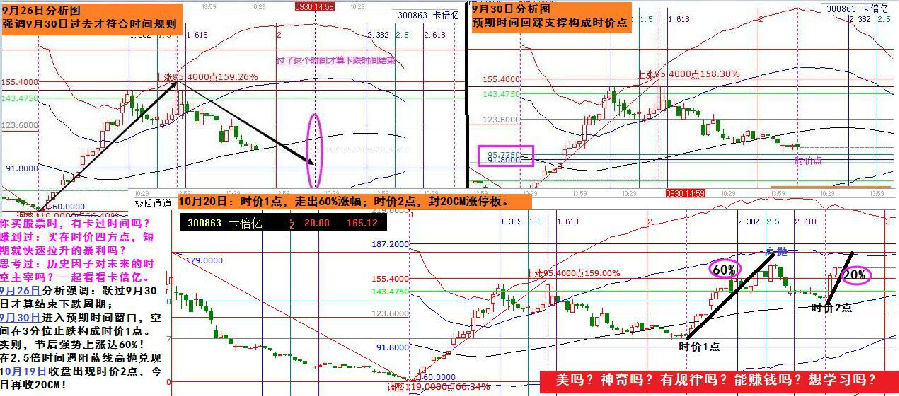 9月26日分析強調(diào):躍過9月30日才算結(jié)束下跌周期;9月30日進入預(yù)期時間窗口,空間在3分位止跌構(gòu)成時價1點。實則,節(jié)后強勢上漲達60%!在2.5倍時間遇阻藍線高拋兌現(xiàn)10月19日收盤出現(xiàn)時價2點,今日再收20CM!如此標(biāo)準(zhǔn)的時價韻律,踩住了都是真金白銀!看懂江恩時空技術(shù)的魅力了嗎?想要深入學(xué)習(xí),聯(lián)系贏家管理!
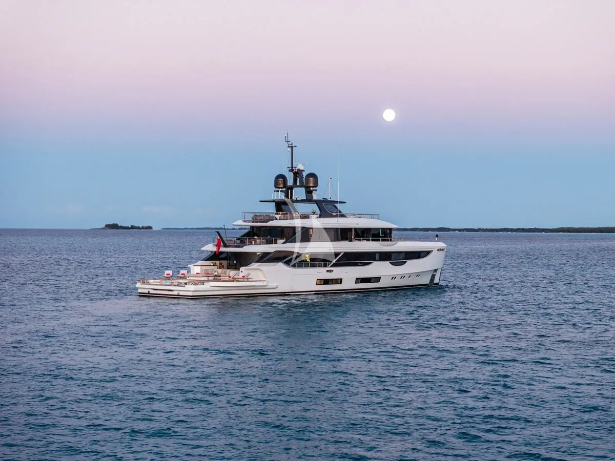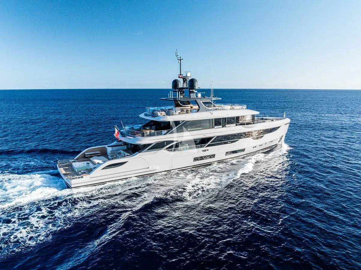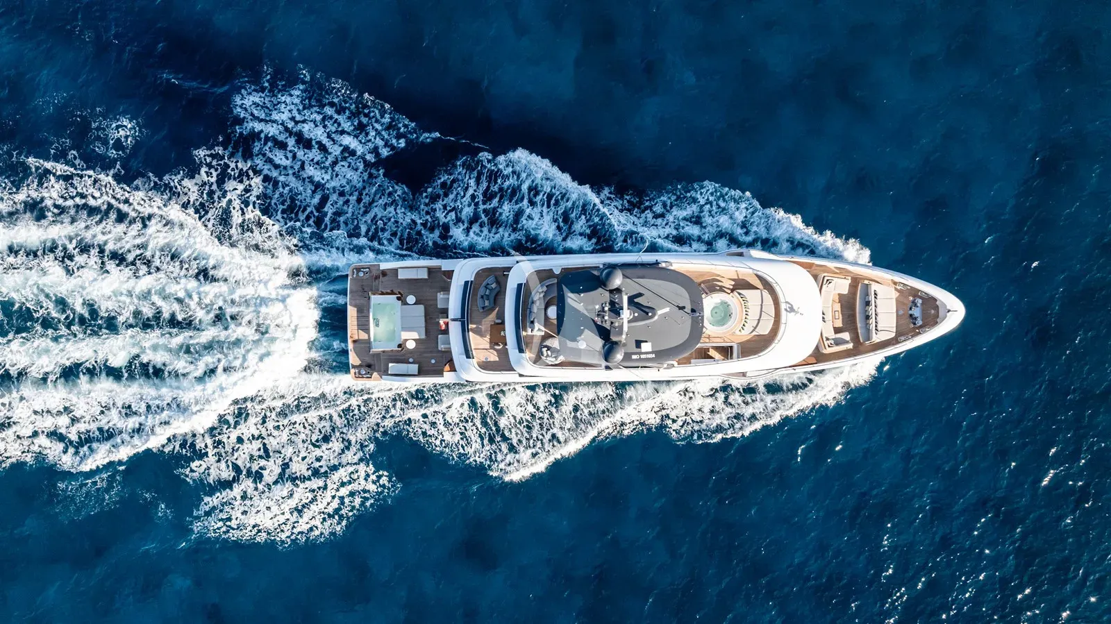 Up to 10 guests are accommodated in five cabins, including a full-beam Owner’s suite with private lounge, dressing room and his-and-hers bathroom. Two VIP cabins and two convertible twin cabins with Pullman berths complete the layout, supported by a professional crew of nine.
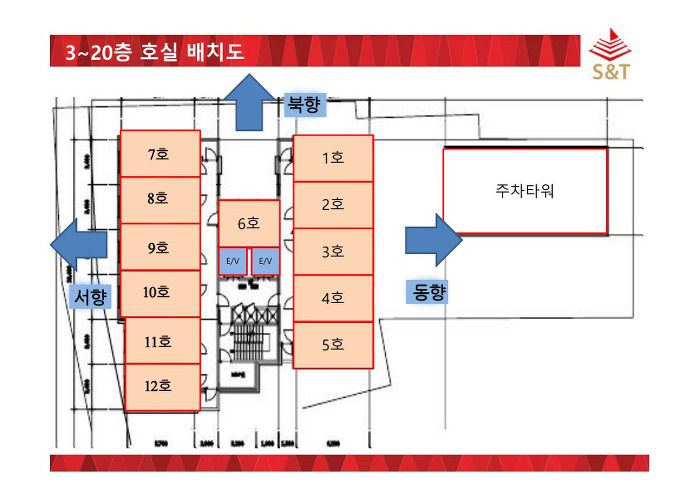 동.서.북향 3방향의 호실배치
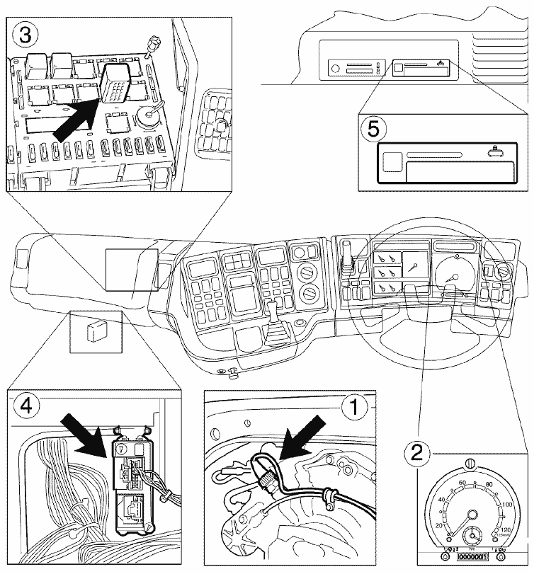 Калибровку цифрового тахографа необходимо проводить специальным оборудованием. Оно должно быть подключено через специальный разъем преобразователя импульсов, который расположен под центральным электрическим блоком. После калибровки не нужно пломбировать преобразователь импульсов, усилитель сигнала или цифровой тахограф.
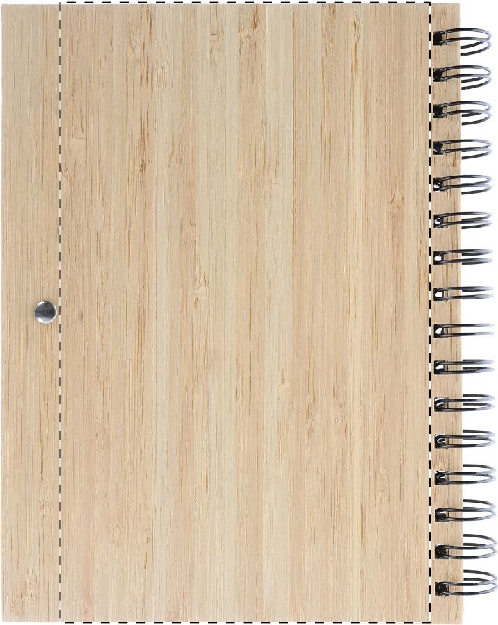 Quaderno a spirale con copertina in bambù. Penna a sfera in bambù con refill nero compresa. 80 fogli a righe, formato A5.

● ABOUT THIS TASK: Produce an exact copy of the lines from the line containing "Калибровку цифрового тахографа" to the end of the material, both ends included, and omit every picture.

● REPLY:
 Калибровку цифрового тахографа необходимо проводить специальным оборудованием. Оно должно быть подключено через специальный разъем преобразователя импульсов, который расположен под центральным электрическим блоком. После калибровки не нужно пломбировать преобразователь импульсов, усилитель сигнала или цифровой тахограф.
 Quaderno a spirale con copertina in bambù. Penna a sfera in bambù con refill nero compresa. 80 fogli a righe, formato A5.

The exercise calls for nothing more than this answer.